The Constitution, then, is a highly conservative right-wing document, which commits the E.U. to neoliberalism, “market freedom”, militarism, and a search for hegemony through power projection. This is not a Europe that can counter or contain the U.S. Rather it seeks to emulate the same model dominated by corporate power and the military-industrial complex.
This “Corporate-Military Europe” reverses the “Social Europe” model of 1957-1991, which sought to universalise and deepen people’s rights based on a “social market economy” subject to state control, itself guided by lofty goals, including universal welfare, expansion of public services and defence of the public sector. The E.U.’s evolution after Maastricht, and particularly in the past few years, contrasts sharply with the original project of the Treaty of Rome that established the Common Market.
The E.U.’s external role has increasingly reflected that same change, especially in matters economic. Although most E.U. states take better positions than the U.S. on politics, the environment and human rights, on economic issues they can be as bad. The E.U. has been pushing the World Trade Organisation (WTO) “free trade” agenda, especially on General Agreement on Trade in Services (GATS) even harder than the U.S. The new Constitution commits itself to protect its agriculture with vast subsidies – which directly clash with Third World interests. The E.U. uses strong-arm methods to demand non-agricultural market access for its manufactures and services.

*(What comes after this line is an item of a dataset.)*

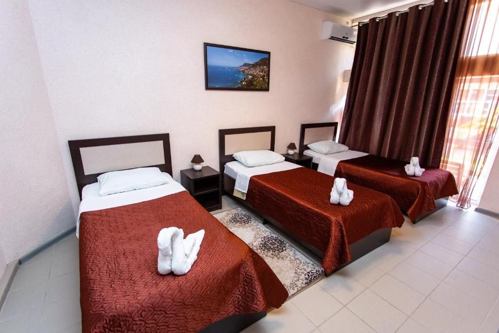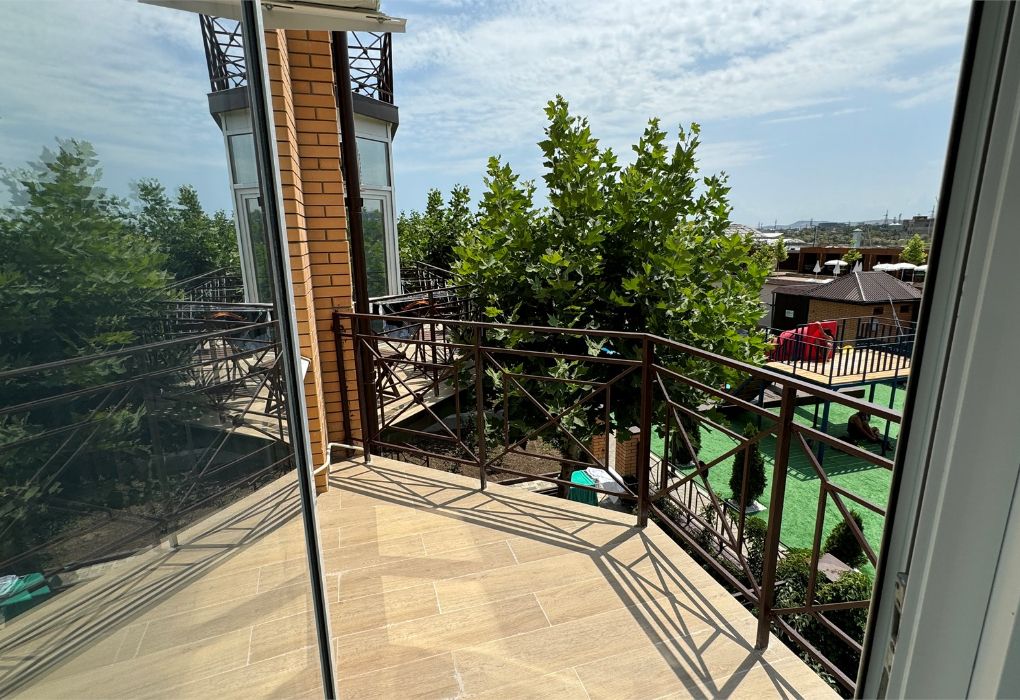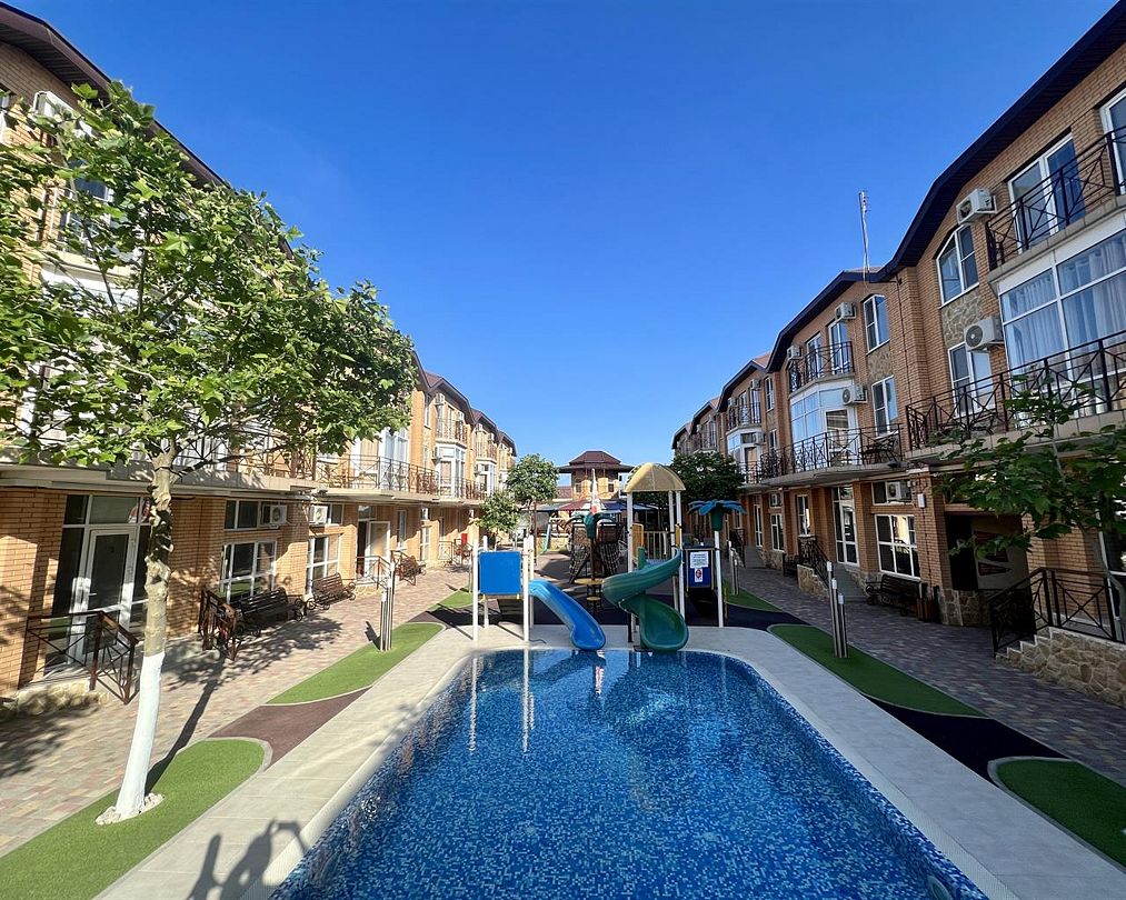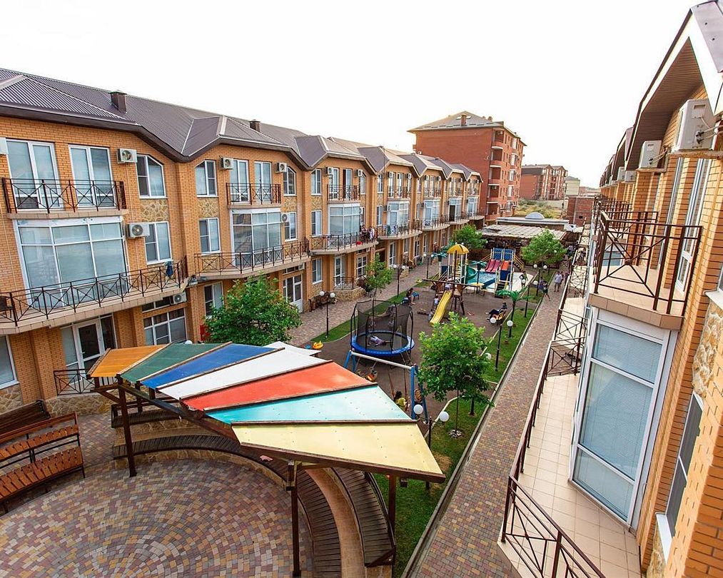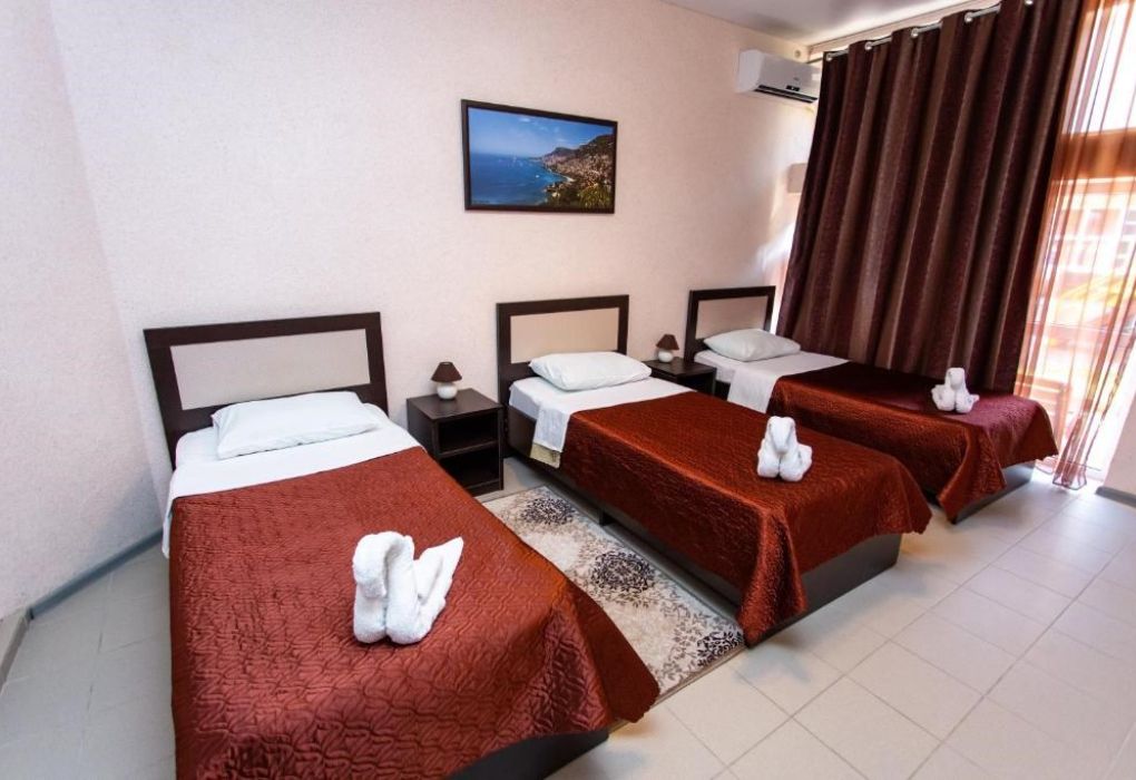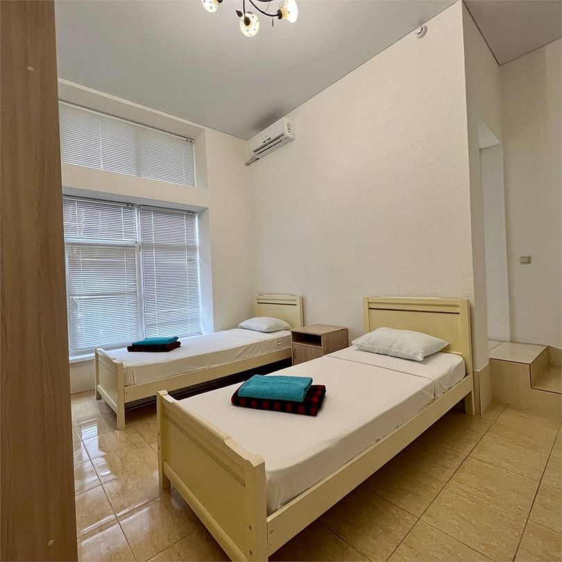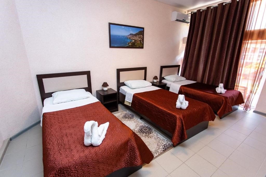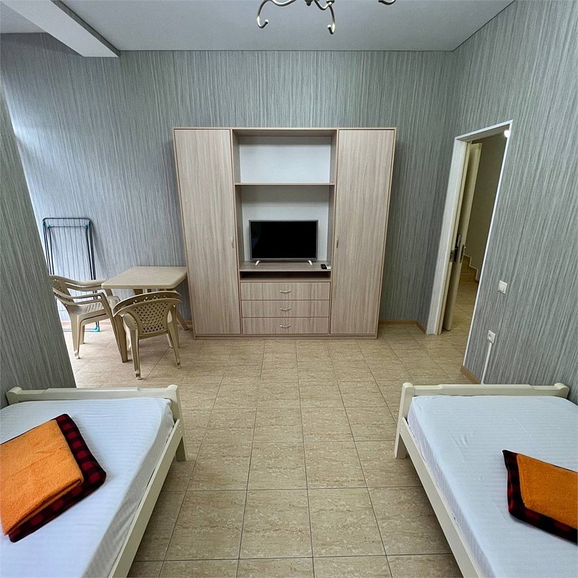 Эти просторные трёхэтажные апартаменты идеально подойдут для больших семей или дружных компаний, ценящих комфорт и личное пространство на отдыхе. На первом этаже находится санузел с душевой кабиной, туалетом и раковиной, а также отдельная спальня с тремя односпальными кроватями – отличный вариант для размещения детей или друзей. На втором этаже расположены уютная гостиная с раскладным диваном и полноценная кухня с плитой, холодильником, кухонным гарнитуром и всей необходимой посудой для самостоятельного приготовления еды. Третий этаж занимает зона отдыха с двумя спальнями: в одной установлена двуспальная кровать, в другой – две односпальные кровати, чтобы каждый гость чувствовал себя максимально комфортно. В апартаментах работает кондиционер, поддерживая приятную температуру на всех уровнях. Вам также доступны фен, полотенца, базовые косметические принадлежности, электрический чайник с чашками и сушилка для вещей. Окна выходят во внутренний двор, создавая атмосферу тишины и уюта. Все гости отеля могут пользоваться бассейнами, аквапарком и участвовать в анимационной программе. До песчаного пляжа Каспийского моря всего несколько минут неспешной прогулки.Услуги и удобства

The E.U. applies pressure on southern countries both in multilateral forums and through bilateral Economic Partnership Agreements with individual states. Its internal documents pertaining to different regions of the world show a deep neo-colonial bias. Even on Eastern Europe, its agenda is worse than the U.S’. It treats the region solely as a source of raw materials and cheap labour.
The E.U. is the world’s second greatest economic power, but it is increasingly becoming arrogant. It also seeks greater military clout. The rise of such a power cannot be in the interests of the world, indeed of Europe’s own people whose rights and social gains it is eroding. That is why the Constitution, which sanctions and codifies this erosion, must be defeated. Its demise can open up a genuine democratic debate so that a radically reformed statute can emerge, which reflects humane values and universal urges. But for that to happen, Europe must first say `no’ – if not in the French referendum, then in the Dutch one, if not then, well, certainly later.